----- Data under study -----
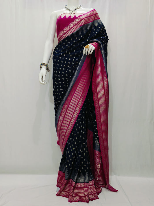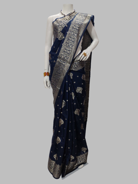 Georgette Silk Navy Blue Banarasi Saree With Unstitched Blouse
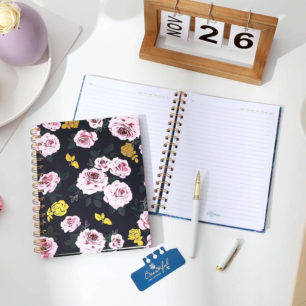 حجم مثالي للحمل: يبلغ مقاس المجلة الحلزونية ذات الغلاف الصلب 5.4 × 8.4 بوصة. الحجم الصغير 5x7 يجعل دفتر الملاحظات الحلزوني الزهري أكثر جاذبية، كما أنه أكثر سهولة في الحمل وأكثر ملاءمة للنساء. دفتر ملاحظات حلزوني بغلاف مقوى مكون من 160 صفحة يمكن أن يلبي احتياجاتك اليومية.
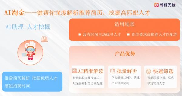 而聚焦 HR 主动寻才需求的 "AI 淘金 ",则在推荐算法上完成迭代升级,创新引入 " 简历推荐分级 " 体系,对推荐简历的甄别更精准,较以往显著降低人工判断成本,据统计可节约 40% 的简历筛选时间,推动企业招聘质量与效率新提升。
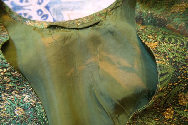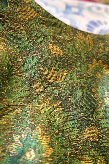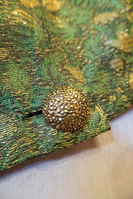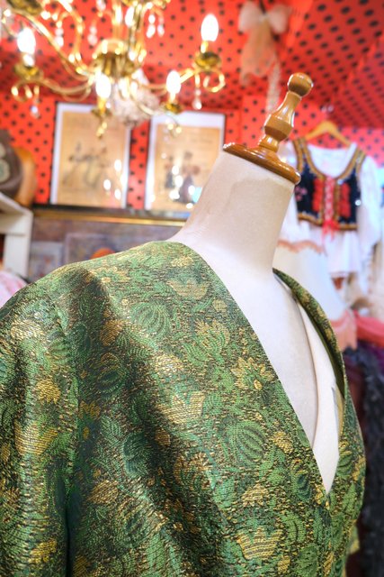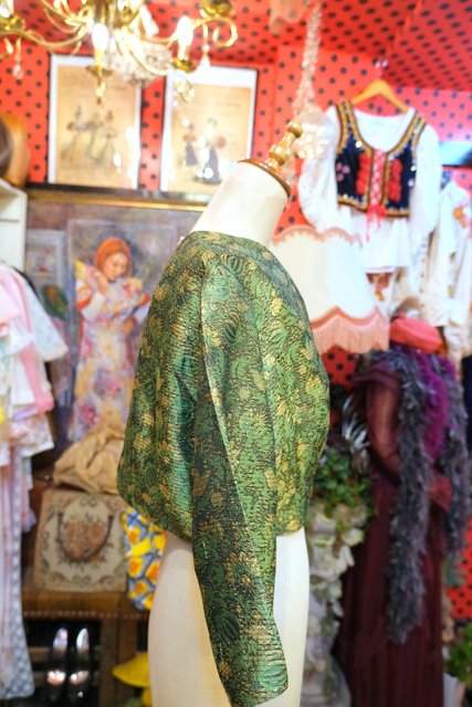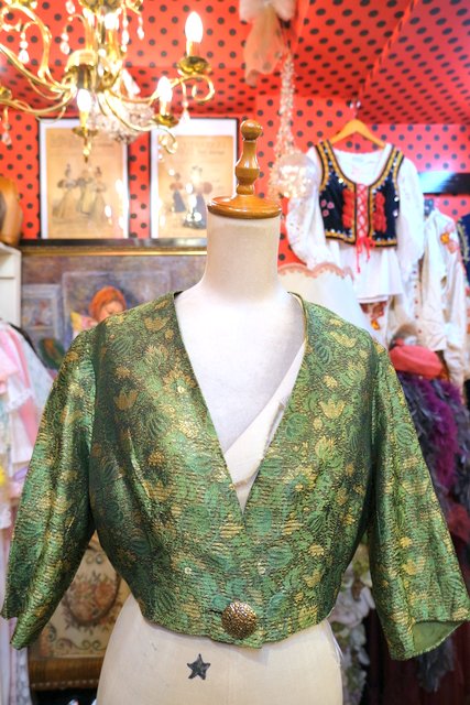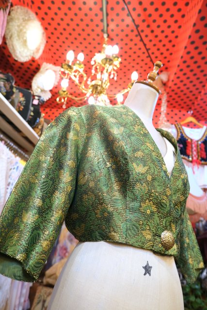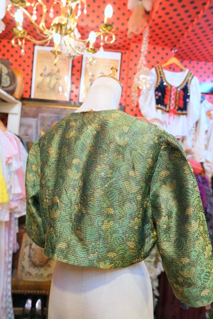 グリーン×ゴールドのボタニカル柄にエレガントなボタンやショート丈が魅力的な1950年代頃のヨーロピアンヴィンテージジャケット
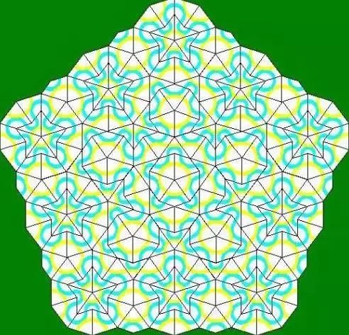 可以看出,很明顯,圖的細節(jié)上是非周期性的,它確實不像傳統(tǒng)的晶體模型,能提取一種無限重復的圖案。但是整體來看,它又具有明顯的規(guī)律性。這種由非周期性的圖案鋪滿整個平面的構(gòu)思,來自于和舍特曼同時期的英國數(shù)學家彭羅斯。如下圖中,兩種不同的圖形制成的整個平面的平鋪圖,便是大名鼎鼎的彭羅斯拼圖。彭羅斯拼圖跳出了傳統(tǒng)的正方形拼圖的觀念,巧妙地采用了一系列非周期性的磚組,構(gòu)成了一系列規(guī)則的圖案。這從數(shù)學的角度,有力地證明了準晶存在的可能性,肯定了舍特曼的工作。彭羅斯本人也獲得了1988年的沃爾夫獎,這是數(shù)學界的最高獎之一。
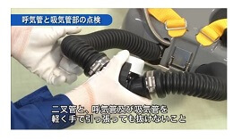 呼気管と吸気管に変形、粘着、亀裂がないこと
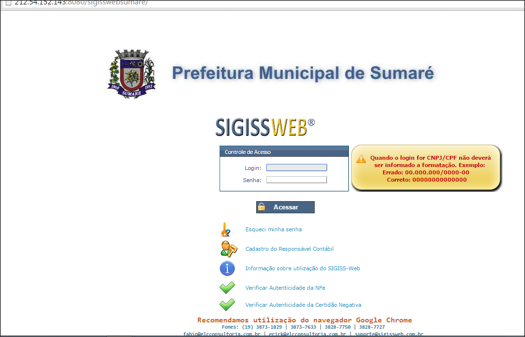 Conforme já informado consigo acessar o site http://www.sumare.sp.gov.br/2011/index.html porém na quando clico no link que preciso abrir é direcionado para o IP 212.54.152.143:8080 até consigo pingar o IP conforme imagem abaixo.
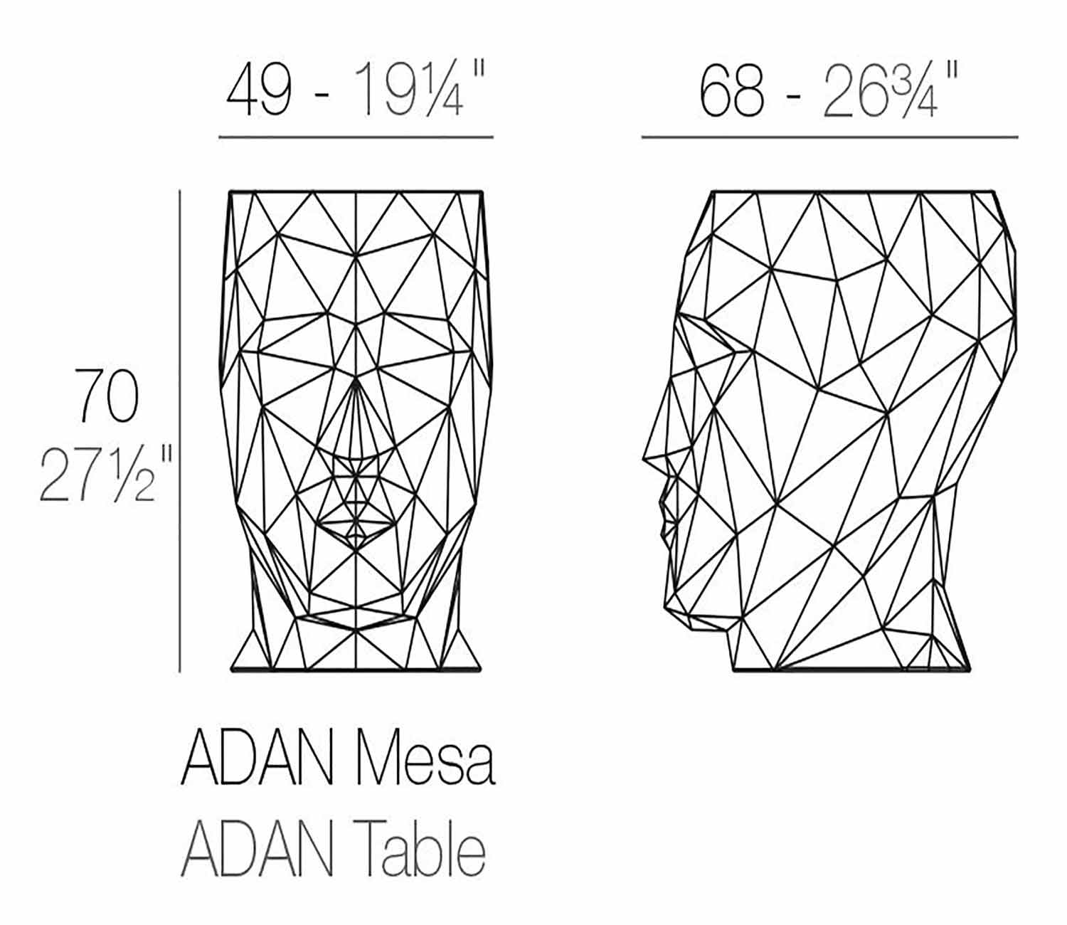Die Adan-Kollektion wurde von der Designerin Teresa Sapey entworfen. Mit dieser Linie überrascht sie uns, da die Objekte die Form eines Gesichts haben und die Linien an einen Diamanten erinnern. Eine Sammlung mit großer Persönlichkeit und nicht Objekte sind Teile einer multifunktionalen Architektur. Es sind Lifestyle-Objekte, die Aufsehen erregen, sich jedem Stil anpassen und aus Materialien bestehen, die sowohl den externen als auch den internen Gebrauch ermöglichen.
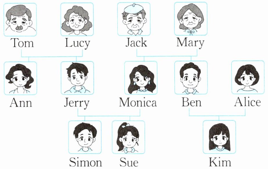 十一、观察 Simon 的家谱图,判断下列句子正(T)误(F)。
-----
Description of the task =>
Only an exact, picture-free copy of the entries counts as the answer.

Output for this task =>
 Georgette Silk Navy Blue Banarasi Saree With Unstitched Blouse
 حجم مثالي للحمل: يبلغ مقاس المجلة الحلزونية ذات الغلاف الصلب 5.4 × 8.4 بوصة. الحجم الصغير 5x7 يجعل دفتر الملاحظات الحلزوني الزهري أكثر جاذبية، كما أنه أكثر سهولة في الحمل وأكثر ملاءمة للنساء. دفتر ملاحظات حلزوني بغلاف مقوى مكون من 160 صفحة يمكن أن يلبي احتياجاتك اليومية.
 而聚焦 HR 主动寻才需求的 "AI 淘金 ",则在推荐算法上完成迭代升级,创新引入 " 简历推荐分级 " 体系,对推荐简历的甄别更精准,较以往显著降低人工判断成本,据统计可节约 40% 的简历筛选时间,推动企业招聘质量与效率新提升。
 グリーン×ゴールドのボタニカル柄にエレガントなボタンやショート丈が魅力的な1950年代頃のヨーロピアンヴィンテージジャケット
 可以看出,很明顯,圖的細節(jié)上是非周期性的,它確實不像傳統(tǒng)的晶體模型,能提取一種無限重復的圖案。但是整體來看,它又具有明顯的規(guī)律性。這種由非周期性的圖案鋪滿整個平面的構(gòu)思,來自于和舍特曼同時期的英國數(shù)學家彭羅斯。如下圖中,兩種不同的圖形制成的整個平面的平鋪圖,便是大名鼎鼎的彭羅斯拼圖。彭羅斯拼圖跳出了傳統(tǒng)的正方形拼圖的觀念,巧妙地采用了一系列非周期性的磚組,構(gòu)成了一系列規(guī)則的圖案。這從數(shù)學的角度,有力地證明了準晶存在的可能性,肯定了舍特曼的工作。彭羅斯本人也獲得了1988年的沃爾夫獎,這是數(shù)學界的最高獎之一。
 呼気管と吸気管に変形、粘着、亀裂がないこと
 Conforme já informado consigo acessar o site http://www.sumare.sp.gov.br/2011/index.html porém na quando clico no link que preciso abrir é direcionado para o IP 212.54.152.143:8080 até consigo pingar o IP conforme imagem abaixo.
Die Adan-Kollektion wurde von der Designerin Teresa Sapey entworfen. Mit dieser Linie überrascht sie uns, da die Objekte die Form eines Gesichts haben und die Linien an einen Diamanten erinnern. Eine Sammlung mit großer Persönlichkeit und nicht Objekte sind Teile einer multifunktionalen Architektur. Es sind Lifestyle-Objekte, die Aufsehen erregen, sich jedem Stil anpassen und aus Materialien bestehen, die sowohl den externen als auch den internen Gebrauch ermöglichen.
 十一、观察 Simon 的家谱图,判断下列句子正(T)误(F)。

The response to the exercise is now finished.